─── Dataset records ───

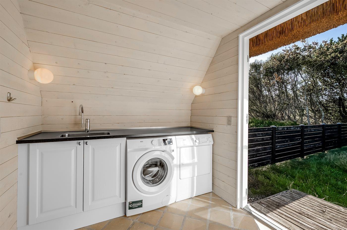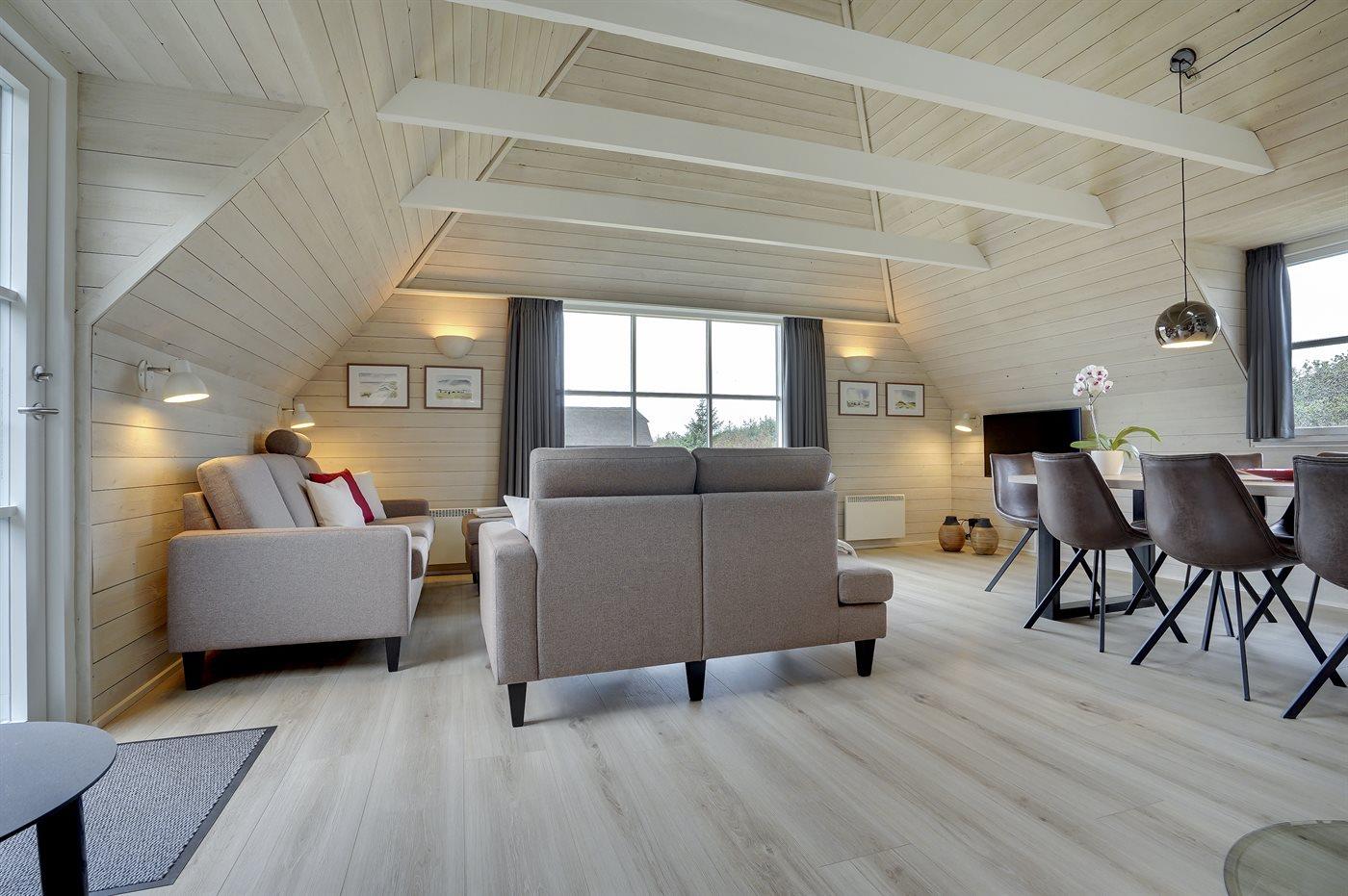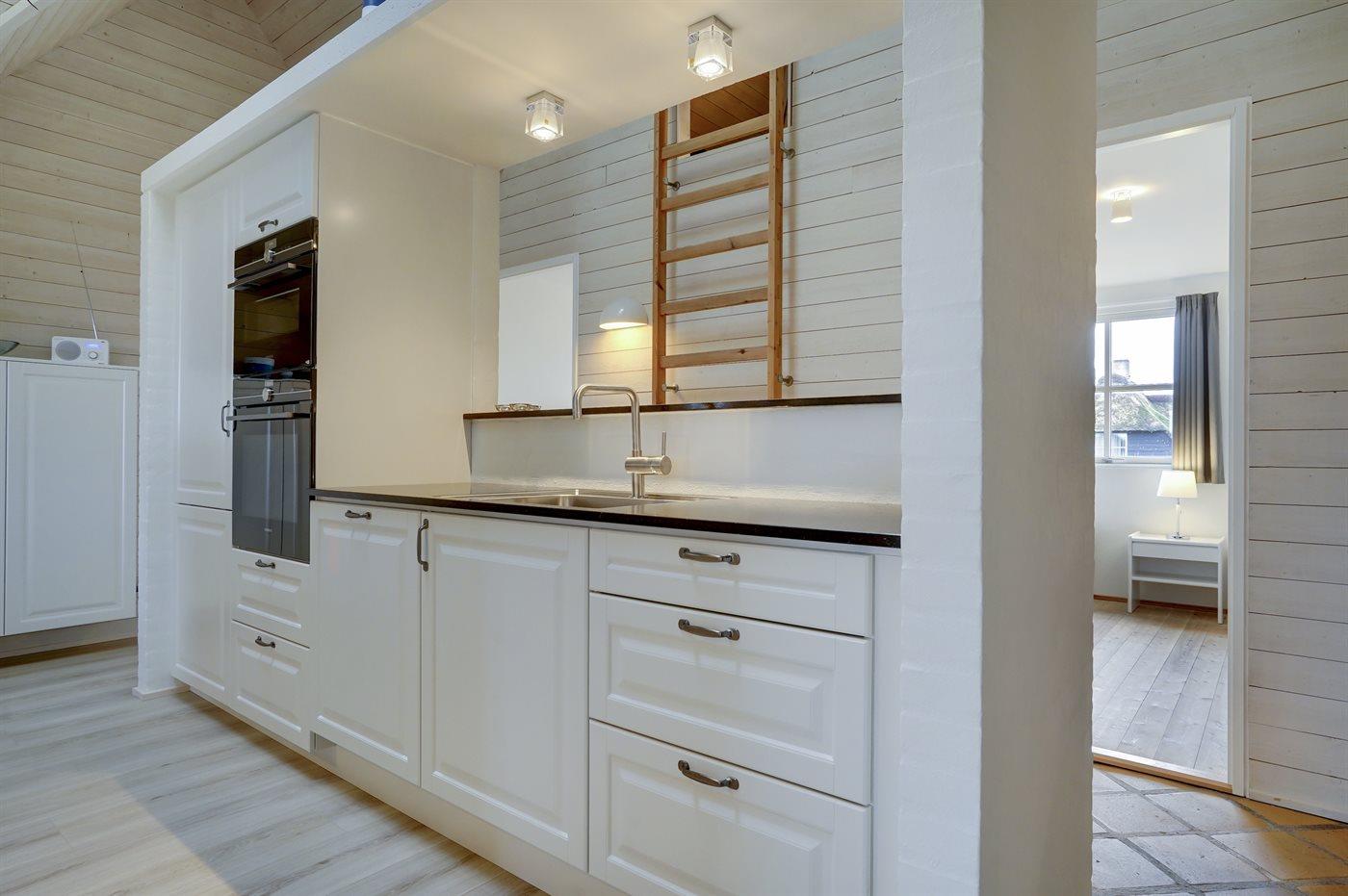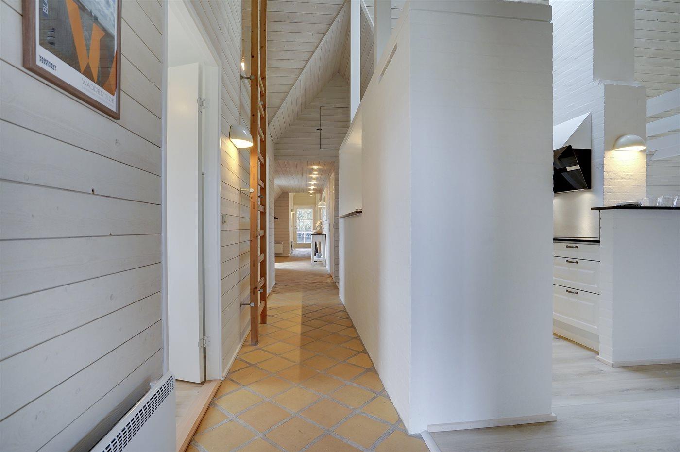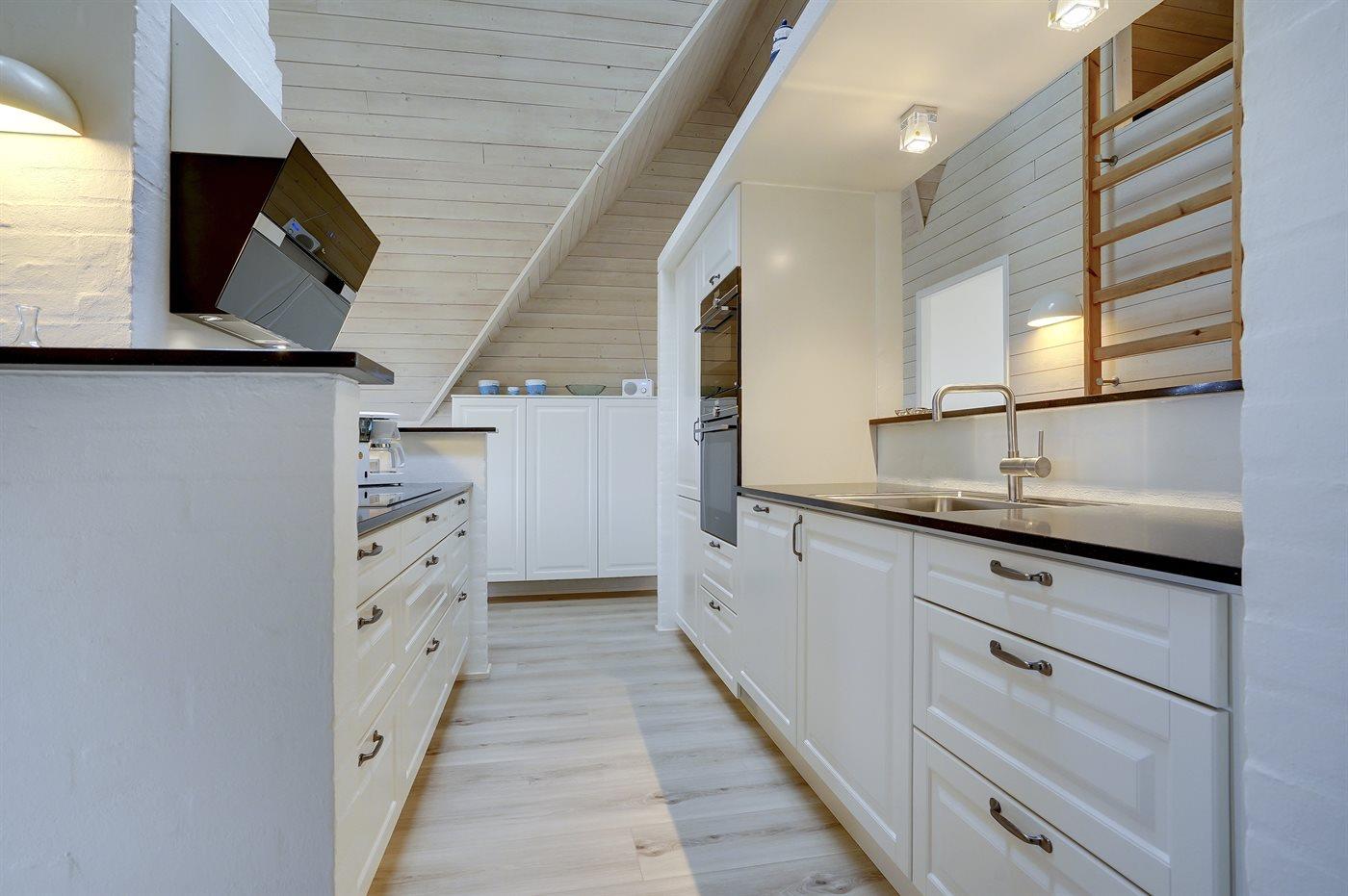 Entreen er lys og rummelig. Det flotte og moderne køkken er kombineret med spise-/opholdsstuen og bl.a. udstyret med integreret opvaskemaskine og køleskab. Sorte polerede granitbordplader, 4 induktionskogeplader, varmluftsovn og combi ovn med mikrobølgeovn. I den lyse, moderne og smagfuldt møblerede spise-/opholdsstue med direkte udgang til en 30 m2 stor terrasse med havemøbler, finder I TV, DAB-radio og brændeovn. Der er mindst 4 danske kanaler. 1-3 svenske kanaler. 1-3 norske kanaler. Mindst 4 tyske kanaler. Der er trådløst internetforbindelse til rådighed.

───
─── Dataset records ───

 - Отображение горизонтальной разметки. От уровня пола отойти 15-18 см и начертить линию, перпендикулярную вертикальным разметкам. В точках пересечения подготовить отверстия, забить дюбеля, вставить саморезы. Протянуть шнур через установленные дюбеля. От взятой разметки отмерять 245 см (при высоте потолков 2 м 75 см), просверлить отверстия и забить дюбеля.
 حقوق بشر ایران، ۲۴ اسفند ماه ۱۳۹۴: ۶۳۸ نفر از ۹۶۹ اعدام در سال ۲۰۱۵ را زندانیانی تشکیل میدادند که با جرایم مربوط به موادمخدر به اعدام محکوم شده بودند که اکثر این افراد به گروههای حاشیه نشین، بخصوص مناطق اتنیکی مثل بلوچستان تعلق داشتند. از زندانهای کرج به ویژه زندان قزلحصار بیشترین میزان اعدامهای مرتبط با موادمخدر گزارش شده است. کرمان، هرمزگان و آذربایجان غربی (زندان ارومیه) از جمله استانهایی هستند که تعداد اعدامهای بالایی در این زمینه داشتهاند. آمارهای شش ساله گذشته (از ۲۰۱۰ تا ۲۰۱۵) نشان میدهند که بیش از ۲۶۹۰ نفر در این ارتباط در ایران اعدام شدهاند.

───

- _Task goal_
Reprint exactly the lines above that start at the one with "- Отображение горизонтальной" and end at the one with "حقوق بشر ایران،", keeping both and adding none.

- _Output for this exercise_
 - Отображение горизонтальной разметки. От уровня пола отойти 15-18 см и начертить линию, перпендикулярную вертикальным разметкам. В точках пересечения подготовить отверстия, забить дюбеля, вставить саморезы. Протянуть шнур через установленные дюбеля. От взятой разметки отмерять 245 см (при высоте потолков 2 м 75 см), просверлить отверстия и забить дюбеля.
 حقوق بشر ایران، ۲۴ اسفند ماه ۱۳۹۴: ۶۳۸ نفر از ۹۶۹ اعدام در سال ۲۰۱۵ را زندانیانی تشکیل میدادند که با جرایم مربوط به موادمخدر به اعدام محکوم شده بودند که اکثر این افراد به گروههای حاشیه نشین، بخصوص مناطق اتنیکی مثل بلوچستان تعلق داشتند. از زندانهای کرج به ویژه زندان قزلحصار بیشترین میزان اعدامهای مرتبط با موادمخدر گزارش شده است. کرمان، هرمزگان و آذربایجان غربی (زندان ارومیه) از جمله استانهایی هستند که تعداد اعدامهای بالایی در این زمینه داشتهاند. آمارهای شش ساله گذشته (از ۲۰۱۰ تا ۲۰۱۵) نشان میدهند که بیش از ۲۶۹۰ نفر در این ارتباط در ایران اعدام شدهاند.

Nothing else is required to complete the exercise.